The matrices \(A_i\) are K x K matrices where K is the number of dimensions of the trajectory. \(A_1\) contains the 1st time lag autoregressive coefficients. If

\[\begin{split}A_1 = \begin{bmatrix} 0.5 & 0 \\ 0 & 0.4 \end{bmatrix}\end{split}\]

the associated system of equations for a VAR(1) process would be:

\[ \begin{align}\begin{aligned}y_{1,t} = 0.5y_{1,t-1} + u_{1,t}\\y_{2,t} = 0.4y_{2, t-1} + u_{2,t}\end{aligned}\end{align} \]

Of course, adding cross-terms to A would create more complex dynamical behavior

\(u_t\) is a K-dimensional vector multivariate gaussian noise generated on the covariance matrix of the data

Parameters:
  • timeseries (numpy.ndarray) – a T x K matrix where T is the number of observations and K is the number of variables/dimension
  • r (int) – autoregressive order. Number of past point on which current point depends

Functions

timeseries.acf_slow(d)

Calculate the autocorrelation function of a time series. This speed of this method is O(n^2)

Parameters:d – numpy array of length n, with time series values {x1, x2 … xn}
Returns:autocorrelation function
timeseries.acf(t, largest_prime=500, autocov=False)

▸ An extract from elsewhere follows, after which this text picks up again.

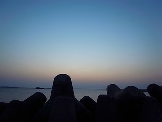 陽が水辺線に隠れ、夜がやってくる前のこの時間帯もお気に入りのひととき。

Quickly calculated the autocorrelation function of a time series, t. This gives the same results as acf_slow() but uses FFTs. This method is faster than numpy.correlate.

Parameters:t – time series array (npoints, nseries)

:param largest_prime : the largest prime factor of array length allowed. The smaller the faster. 1.6M points takes about 5 seconds with largest_prime=1000. Just be aware that you are losing data by truncating. But 5-6 data points isn’t a big deal for large arrays. :param autocov: return autocovariance function insted (which is just the unnormalized autocorrelation)

timeseries.autocov(joint_distribution, varied_length=False)

Calculate the autocovariance function of the joint distribution of multiple realizations of a time series model

See Pag 45 - 46 of Time Series Analysis (1st edition?) by James hamilton

y_t : timeseries values at time t y_t-j : timeseries values at time t - j

covariance_j = E(y_t - mu)(y_t-j - mu)

In words: the covariance at lag j equals the expected value of y_t times y_t-j. They are not necessarily independent so you can’t assume it equals E(y_t)*E(y_t-j)

Parameters:joint_distribution – n x m numpy array with n independent realizations of a time series consisting of m data

points (observations) per realization.

:returns autocovariance of joint distribution as function of lag j

timeseries.msd_straightforward(x, axis)

Straightforward way to calculte msd. Gives same answer as msd() :param x: positions of centers of mass of all particles for each frame, numpy array [nframes, natoms, dim] :param ndx: list of indices to include in msd calculation (x = 0, y = 1, z = 2)

Returns:Average MSD and individual particle MSDs
timeseries.msd(x, axis, ensemble=False, nt=1)

Calculate mean square displacement based on particle positions

Parameters:
  • x (ndarray (n_frames, n_particles, 3)) – particle positions
  • axis (int or list of ints) – axis along which you want MSD (0, 1, 2, [0, 1], [0, 2], [1, 2], [0, 1, 2])
  • ensemble (bool) – if True, calculate the ensemble MSD instead of the time-averaged MSD
Returns:

MSD of each particle

timeseries.bootstrap_msd(msds, N, confidence=68, median=False)

Estimate error at each point in the MSD curve using bootstrapping

Parameters:
  • msds (np.ndarray) – mean squared discplacements to sample
  • N (int) – number of bootstrap trials
  • confidence (float) – percentile for error calculation
timeseries.step_autocorrelation(trajectories, axis=0)

Calculate autocorrelation of step length and direction

Parameters:
  • trajectories (numpy.ndarray) – array of position vs time (n_frames, n_particles, n_dimensions)
  • axis (int or list) – axis along which to calculate step lengths ({x:0, y:1, z:2})
timeseries.correlograms(zt)

Plot correlograms of (z - zmean), (z - zmean)^2, (z - zmean)^3, (z - zmean)^4 :param zt: timeseries of probability integral transforms

timeseries.switch_points(sequence)

Determine points in discrete state time series where switches between states occurs. NOTE: includes first and last point of time series

Parameters:sequence (list or numpy.ndarray) – series of discrete states
Returns:list of indices where swithces between states occur
Return type:numpy.ndarray
timeseries.calculate_moving_average(series, n)

Calculate moving average of a time series

Parameters:n (int) – Number of previous points to average